Crown Heights remained quiet after a Brooklyn grand jury decided last week not to indict Yosef Lifsh, the Hasidic driver of a car that struck two black children, killing one of them, in an Aug. 19 accident that sparked four days of rioting.
Kings County District Attorney Charles Hynes called on the residents of Crown Heights “to refrain from senseless violence.”
Black leaders, including the Rev. Al Sharpton and Colin Moore, a New York City Council member and lawyer, heeded his call, at least for the moment. Moore is representing the family of Gavin Cato, the 7-year-old child who was killed in the accident.
But the Lubavitch community was uneasy as the High Holy Days began.

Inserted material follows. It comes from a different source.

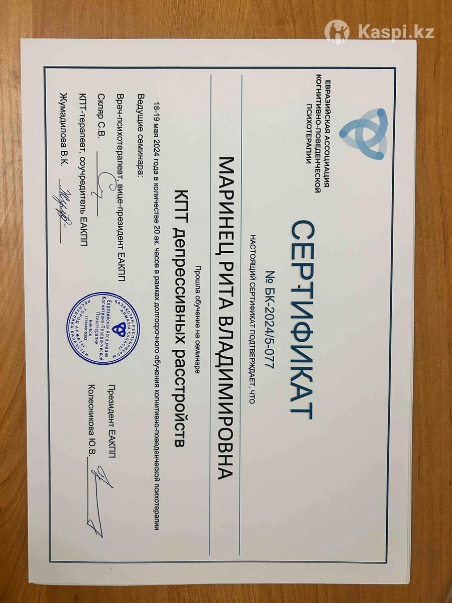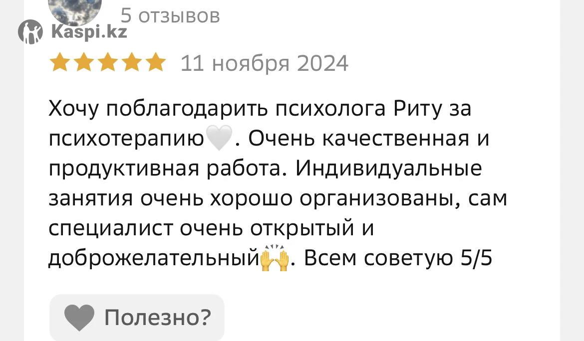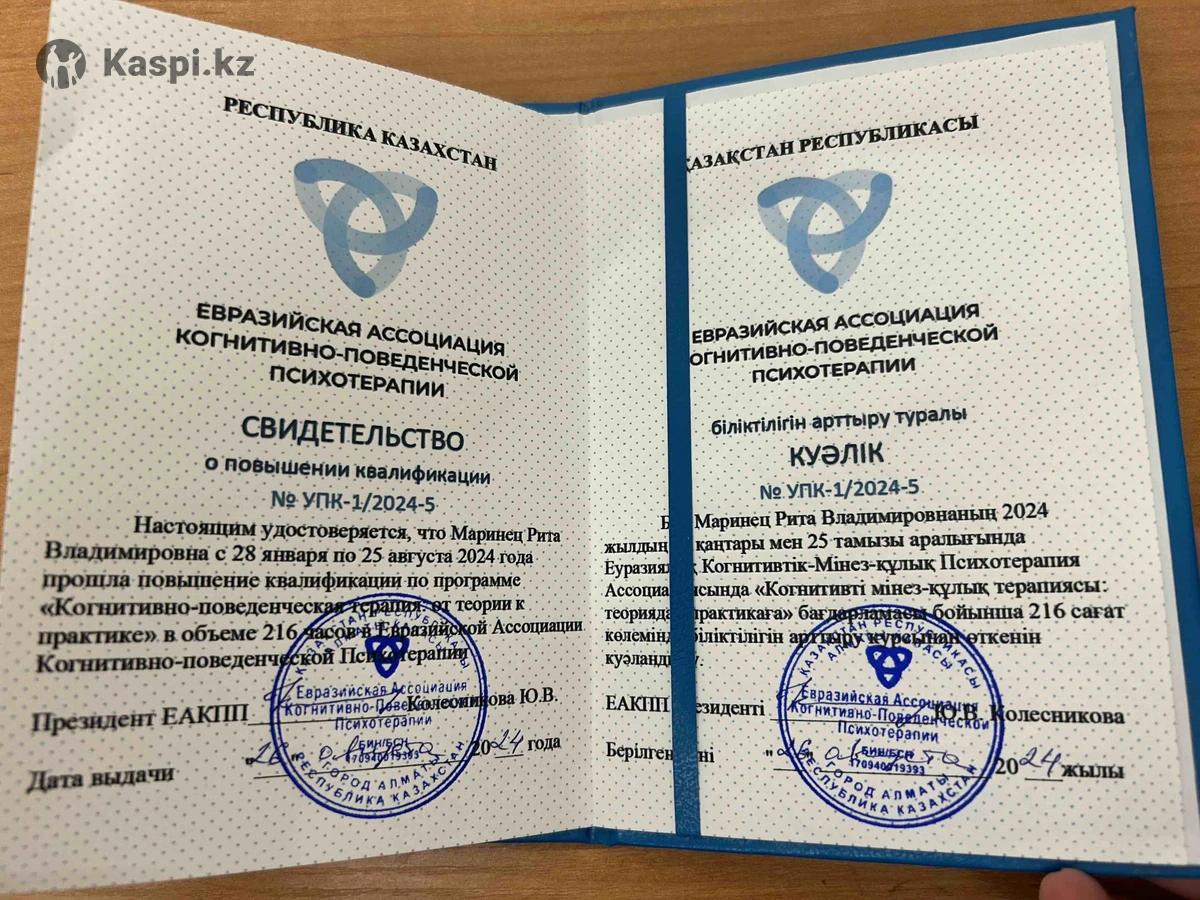 Ты устал(а) от тревоги, зависимостей, апатии или конфликтов в отношениях? Я помогу навести порядок в мыслях и вернуть ощущение контроля. Я - клинический психолог, работаю в когнитивно-поведенческом направлении (КПТ). Это современный и научно доказанный метод, который помогает: •снизить тревогу и стресс, •справиться с апатией, прокрастинацией, выгоранием, •наладить отношения и уверенность в себе, •преодолеть зависимость (курение, переедание и др.). 📌 У меня более 100 часов практики, магистратура по психологии и повышение квалификации в КПТ. 📌 Работаю как онлайн, так и очно. 📌 Первая консультация по специальной цене - 7.000 тг.

“We just hope that from now on, everything will be peaceful and that the streets of Crown Heights will be returned to the people,” said Lubavitch spokesman Rabbi Shmuel Butman.
“We are encouraged by the decision of the grand jury. It proves that the system can work, and that it can stand up to hatred, racism and terrorism.
“But there should have been no grand jury from the start,” he said. “In none of the other 21 cases of vehicular accidents that resulted in death in Brooklyn in the last 12 months has a grand jury been empaneled.”
Lifsh, who waived immunity to testify to the grand jury, has left New York to return to his home in Israel, Butman said.
Lifsh was one of 30 witnesses who testified before the grand jury.
There is no news yet on legal action being planned by the Lubavitch community against the city, or against those who murdered Yankel Rosenbaum, the Australian student stabbed to death by a gang of rioting black youths on the night Gavin Cato died.